Address
- 100 Price Avenue Ste. A Stockbridge, Ingham County, Michigan, 49285 United States

District information
- Grades: PreKindergarten–12
- Superintendent: Brian Friddle
- Schools: 3
- Budget: $19,850,000 2022-2023 expenditures
- NCES District ID: 2633030

Students and staff
- Students: 1,075 (2024-2025)
- Teachers: 77.49 (on an FTE basis) (2024-2025)
- Staff: 175.42 FTE (2024-2025)
- Student–teacher ratio: 13.87 (2024-2025)

Other information
- Website: www.panthernet.net

= Stockbridge Community Schools =

School district in Michigan, United States

Stockbridge Community Schools is a public school district in Michigan. In Ingham County, it serves Stockbridge and parts of the townships of Bunker Hill, Stockbridge, and White Oak. In Jackson County, it serves parts of the townships of Henrietta and Waterloo. In Livingston County, it serves parts of the townships of Iosco and Unadilla. In Washtenaw County, it serves part of Lyndon Township.

==History==
Stockbridge's first school was established in 1836.

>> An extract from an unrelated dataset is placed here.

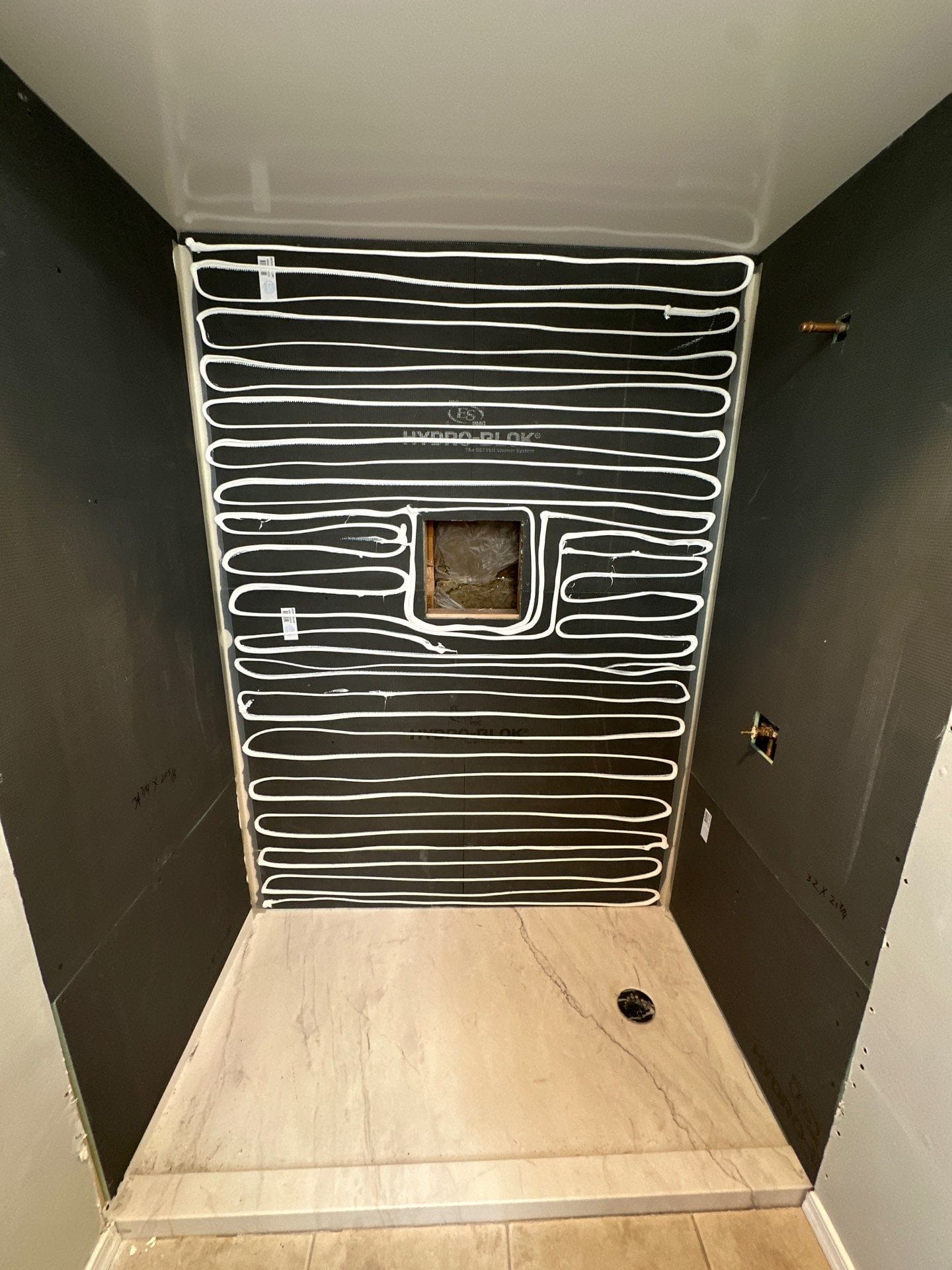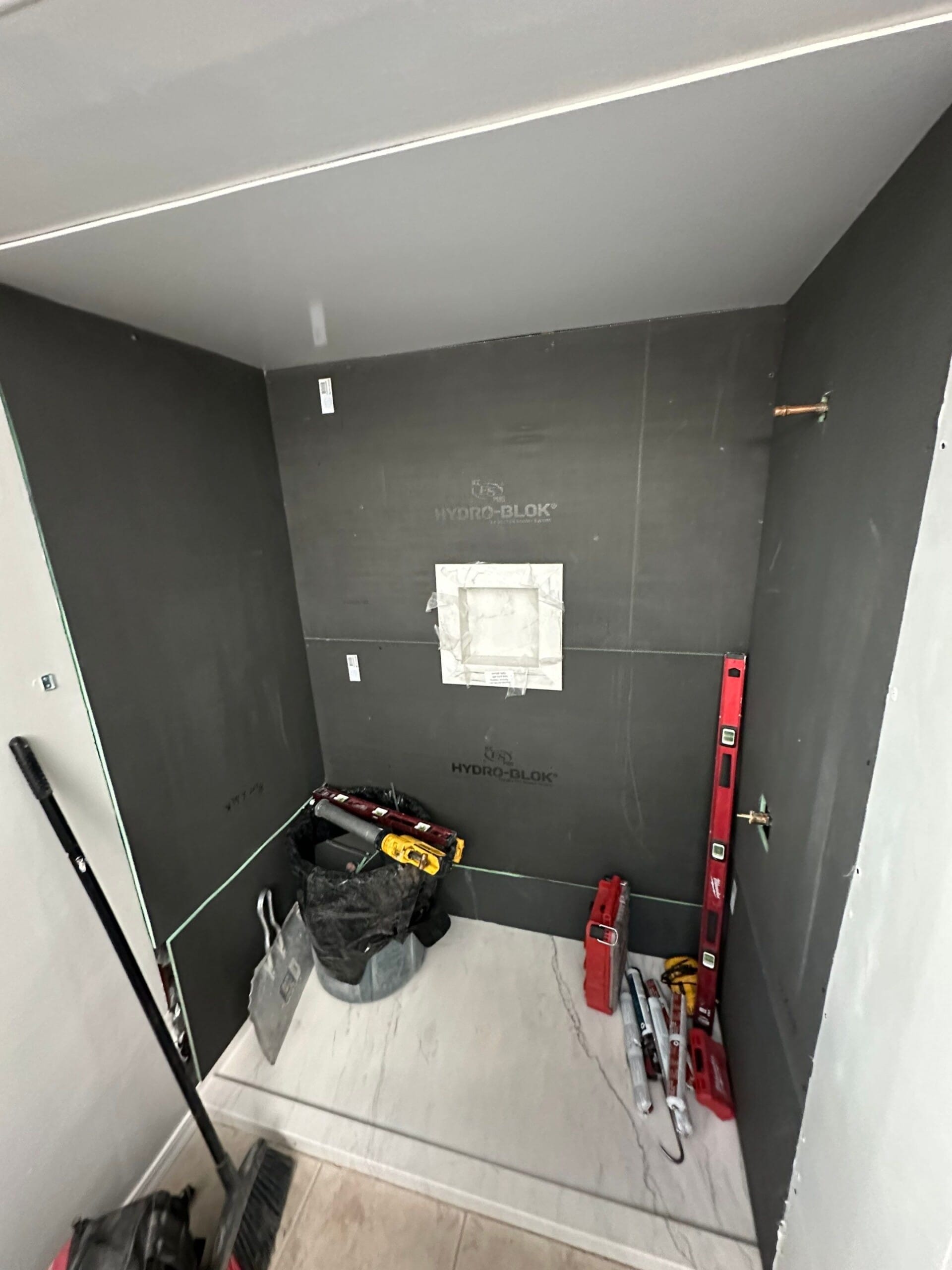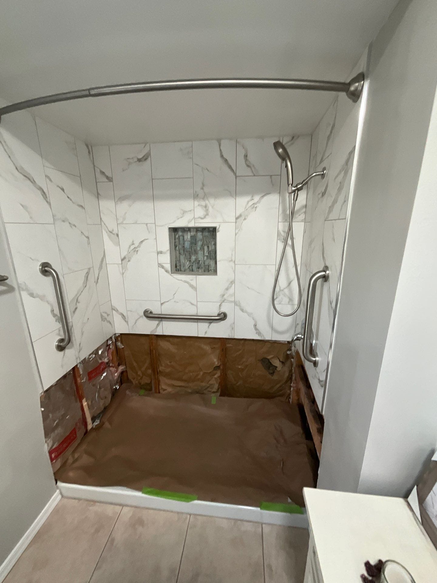 * Full walk-in shower renovation with composite wall panel system

A 1925 profile of the school district in the Jackson Citizen Patriot noted an enrollment of 250, with 114 high school students, including seven seniors. The district had two small school buildings and a frame high school. The football team won about half of its games, the high school featured two debate teams, and a girls' basketball team had been formed, with a boys' team in the works.

A new high school was built in 1929. Additions were built in 1955, 1962, and 1969.

In 1953, Emma Smith retired from the district after a 34-year teaching career. Emma Smith Elementary, her namesake, was dedicated in October 1956.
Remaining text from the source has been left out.